The Mansion House celebrated the capital’s iconic balladeers ahead of latest European tour
AFTER 47 years kicking up a ruckus, for The Dubliners it was time to reflect, to remember the fallen, to dust off the black-and-white photographs, belt out a few standards, and share a pint with family and friends.
As the old pictures of hardy and hard-living young men rolled by on a big screen, the beards growing longer, the eye-bags more venerable, Luke Kelly’s hair more luxuriant, the notion that a quarter of a century had passed since his death at 44 seemed hardly credible; or that it was 21 years since Ciaran Bourke was lost to them, or over a year since Ronnie Drew’s final bow.
Just two of the original Dubliners remain, John Sheahan (70 last May) and Barney McKenna, (70 come December). “I think this will be the last of the gatherings,” said Jimmy Kelly, Luke’s younger brother. Vienna long ago gave them the freedom of the city, but no such honour has been forthcoming from their own. “Maybe it’s just an oversight,” said Sheahan wryly.
The statue of Luke Kelly, voted for by Dublin City Council, remains elusive five years on. The odds must be long on getting the same council to fast-track a memorial to Ronnie Drew, as proposed by the Lord Mayor, Emer Costello. Francis Devine, the night’s MC, chose to look ahead to the band’s “half-century, when maybe these gents will be able to walk their sheep through the streets of Dublin”.
On Saturday night, some 90 family members and friends – including Danish ambassador to Ireland Henrik Rée Iversen, Joan Burton and Pat Carroll, Róisín Shortall, Tommy Broughan and Mary Upton – gathered under the chandeliers in Dublin’s Mansion House.
The “new” band members, Eamonn Campbell, Patsy Watchorn and Sean Cannon, joined Sheahan and McKenna on the stage and, between them, they conjured up a time when the world was young and the nights sang of banjos and balladeering and large bottles of whatever you were having yourself.
Together the old photographs and songs carried a powerful undertow of poignancy and nostalgia, as voices from beyond the grave joined the living. The band on stage and the audience joined in as Ronnie Drew growled out McAlpine's Fusiliers. When Luke Kelly sounded a warning to all females "from nine to 99", the Oak Room resounded to the chorus: "He's got no faloorum, he's lost his ding doorum . . ." As Kelly's implacable young profile appeared on screen, along with his searing, timeless recitation of For What Died the Sons of Róisín?, Barney McKenna silently mouthed the words.
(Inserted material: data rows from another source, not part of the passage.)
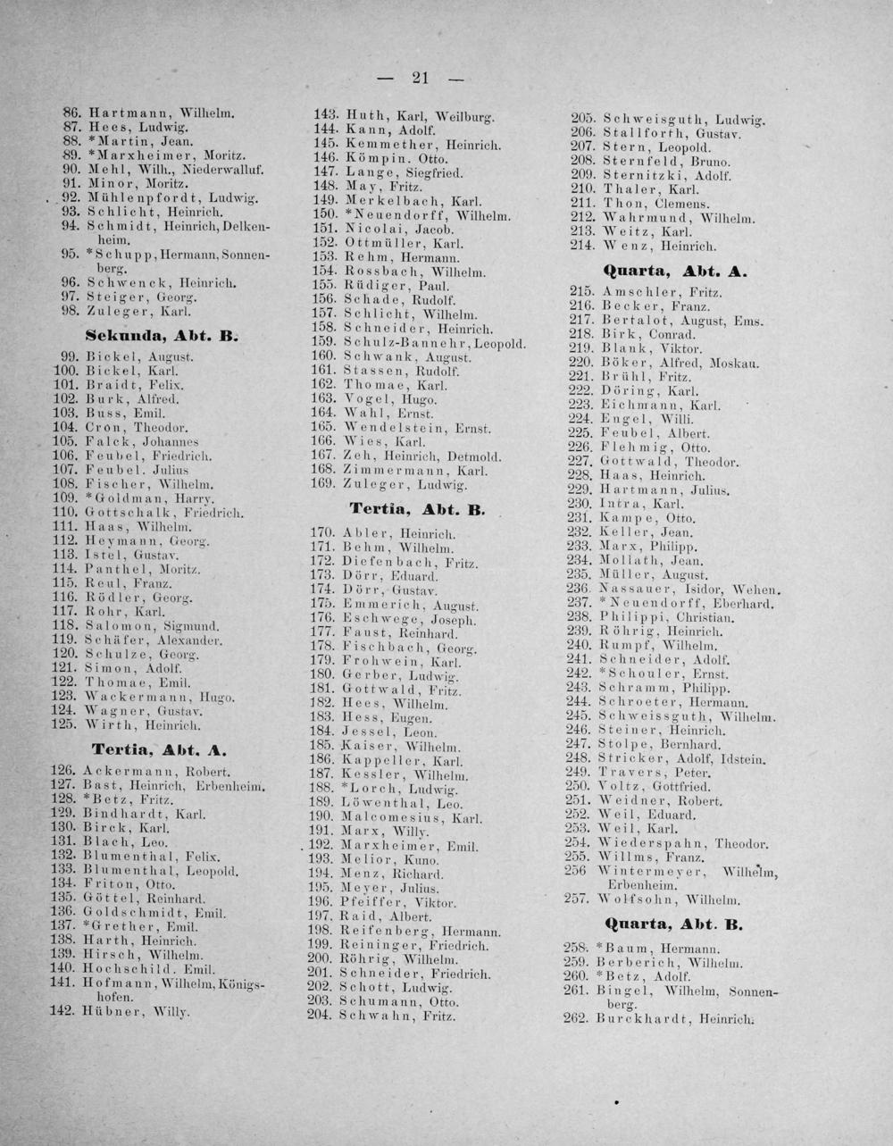 Cron, Theodor. Falck, Johannes Feubel, Friedrich. Feubel. Julius Fischer, Wilhelm. x Goldman, Harry. Gottschalk, Friedrich. Haas, Wilhelm. Heymann, Georg. Istel, Gustav. Panthel, Noritz. Reul, Franz. Rödler, Georg. Rohr, Karl. Salomon, Sigmund. Schäfer, Alexander.
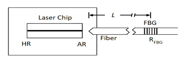 Fiber Bragg Grating (FBG) erabiliz kanpoko barrunbeko laser bat eraikitzea kostu baxuko laserren errendimendua hobetzeko irtenbide errentagarria da. 1. Irudian ikusten den bezala, FBG zuntz-buztan inskribatuta dago, normalean igortzen duen txiptik gertu, kanpoko barrunbeko laser bat osatuz.
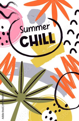 summer, vacation, tropical, beach, sea, relaxation, rest, poster, hand, drawn, resort, brush, drawing, abstract, chill
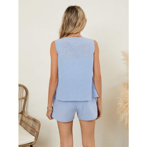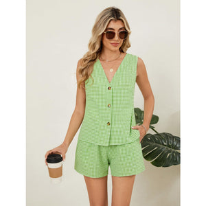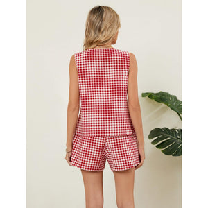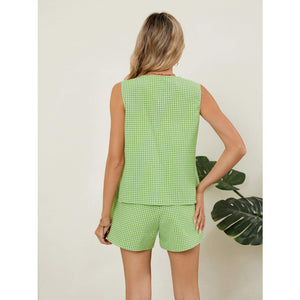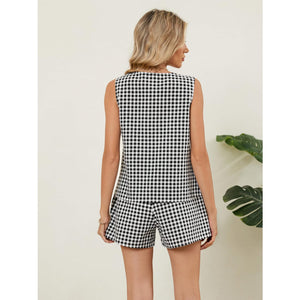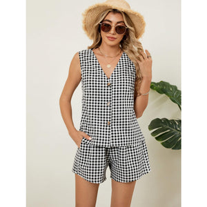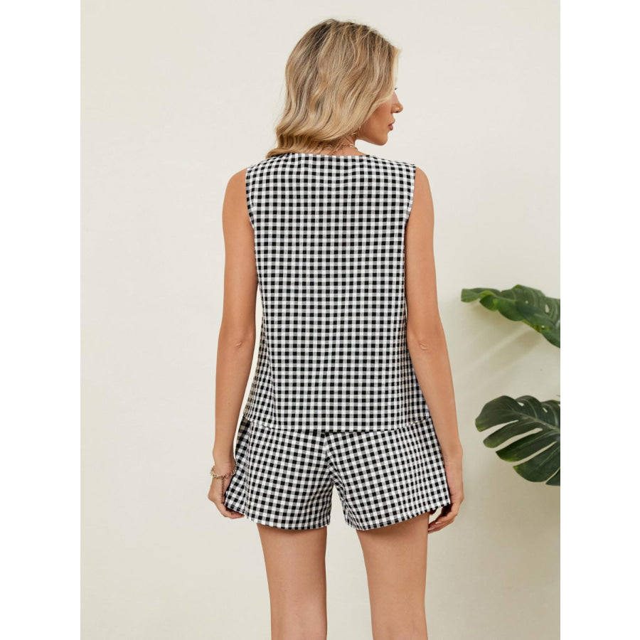 Plaid V-Neck Sleeveless Top and Shorts Set
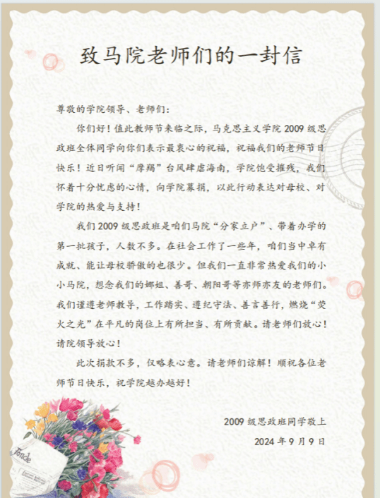 2024年9月9日,在即将到来的教师节之际,伟德国际1946收到了2009级思政班全体同学的慷慨捐款,表达对公司的关心和支持。面对近期“摩羯”台风的严重影响,公司遭受了极大的困扰和损失。这笔捐款不仅帮助公司应对自然灾害带来的挑战,更是体现了同学们对母校的深情厚谊和责任感。

A sequence of pictures showing Ciaran Bourke in the act of pulling a full-size whiskey bottle from his pocket spoke of mischief, amid tales from Sheahan of the “big, strong, gentle giant’s kind of scientific interest in drink”.
Interwoven with it all were Sheahan's poetic tributes to each of his fallen comrades: Luke's Gravestone, Remembering Ciaran Bourkeand Ronnie's Heaven, written the day after his funeral, when Sheahan was wondering if heaven could possibly live up to the "grumpy" one's expectation.
The audience linked arms as Jimmy Kelly called time with The Parting Glass. For the indefatigable Dubliners, a nine-day European tour beckons, with no hint of a retirement date. "It's too late to stop now," said McKenna.